У меня есть задача поиска изображений под рукой. У меня есть набор данных с не большим количеством изображений для каждого класса, поэтому я в конечном итоге увеличил набор данных (3 копии на изображение в классе) с некоторым вдохновением от Keras blog. Я использовал метод train_test_split
в sklearn
, чтобы разбить набор данных, сгенерированный из расширенного набора данных. Теперь, поскольку это случайный раскол, при тестировании существует вероятность того, что изображение, которое используется для тестирования, проверяется на его собственное расширенное изображение-копия, например, перевернутое и слегка перекошенное изображение, протестированное против его оригинала.
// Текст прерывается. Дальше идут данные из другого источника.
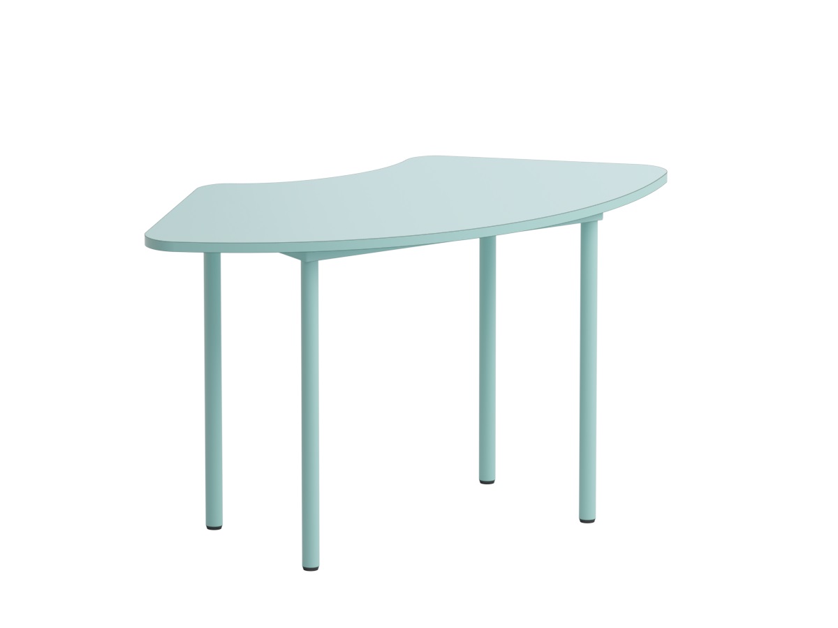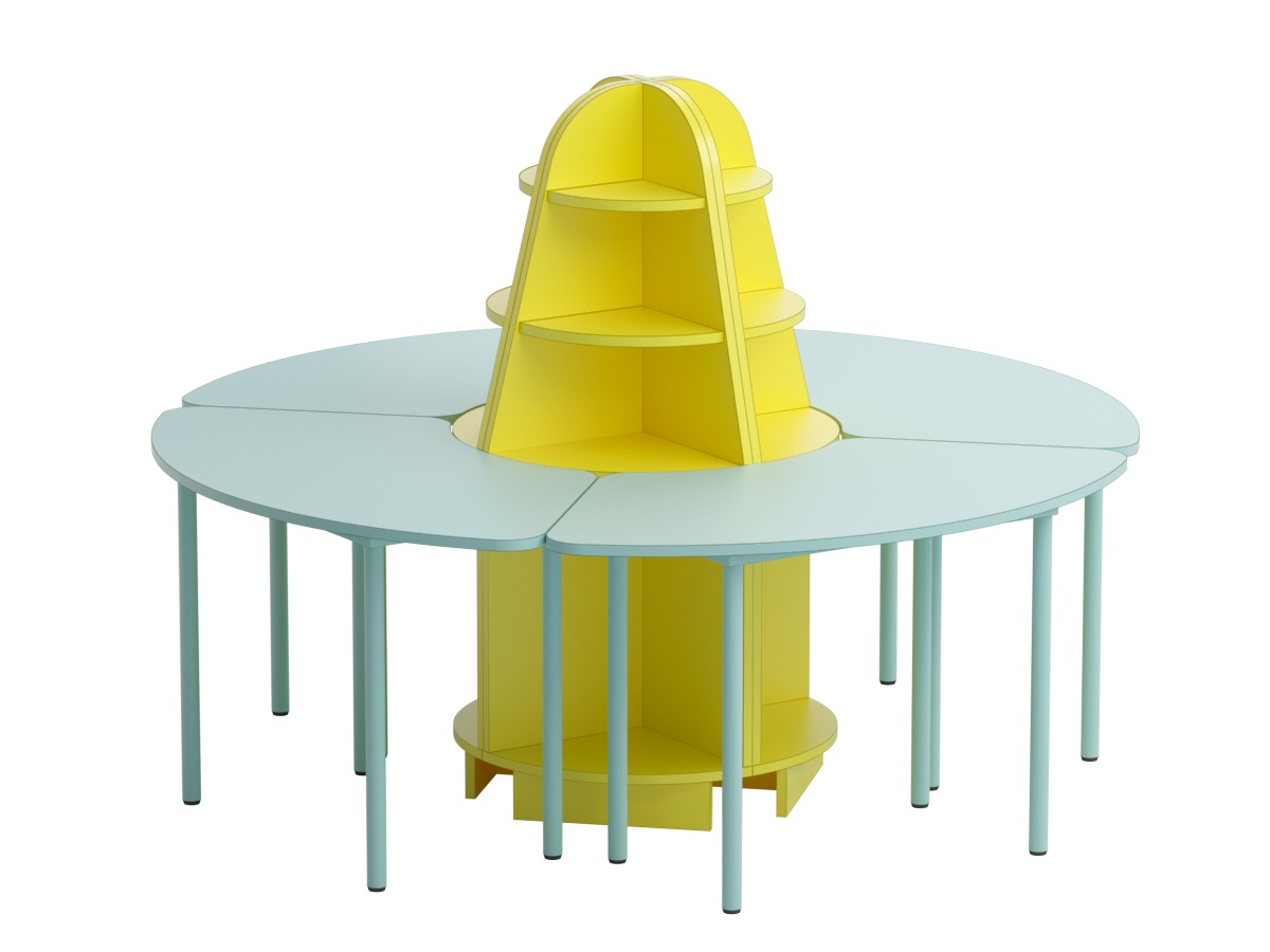 Дидактический набор мебели «Ромашка», собранный из четырёх угловых стоек и четырёх дидактических столов, представляет собой круговую композицию. Стойки скрепляются между собой межсекционными стяжками. Из набора мебели “Ромашка” можно делать разные комбинации, например: установить две стойки и два стола к стене или одну стойку и один стол в угол помещения. Стойки угловые изготовлены из ламинированной ДСП 16мм. Кромки щитовых элементов облицованы кромочным пластиком толщиной 2мм. Дидактический стол изготавливается на металлическом каркасе из стальных труб круглого сечения Ø32х2,0 и уголка сечением 25х25х1,5 с радиусной столешницей из плиты ДСП 16мм с ламинированным покрытием. Кромки столешницы облицованы кромочным пластиком толщиной 2 мм. Металлический каркас имеет сварную конструкцию со стойким порошковым полимерным покрытием. На свободных концах труб установлены заглушки из ударопрочных полимеров.

В таком случае есть вероятность, что результаты могут быть искажены? Есть ли способ преодолеть эту проблему, кроме того, что просто получаю новые данные исключительно для тестирования.Создание тестового набора в расширенном наборе данных
2
A
ответ
3
Да, это называется «утечкой», и если преобразования данных не настолько радикальны, что сгенерированные изображения могут быть похожими на реальный набор тестов, то лучше разбить поезда/тестовые множества ПЕРЕД выполнением увеличения и только увеличение в наборе поездов.
Смежные вопросы
- 1. Создание тестового набора в Webdriver
- 2. Создание тестового набора из нескольких тестовых случаев
- 3. Создание Спарк набора данных с частями другого набора данных
- 4. Создание R набора данных
- 5. Автоматизация генерации тестового набора в eclipse
- 6. junit4 создание тестового набора с определенными методами тестирования
- 7. Установка тестового набора для игнорирования
- 8. Отменить выполнение всего тестового набора программно?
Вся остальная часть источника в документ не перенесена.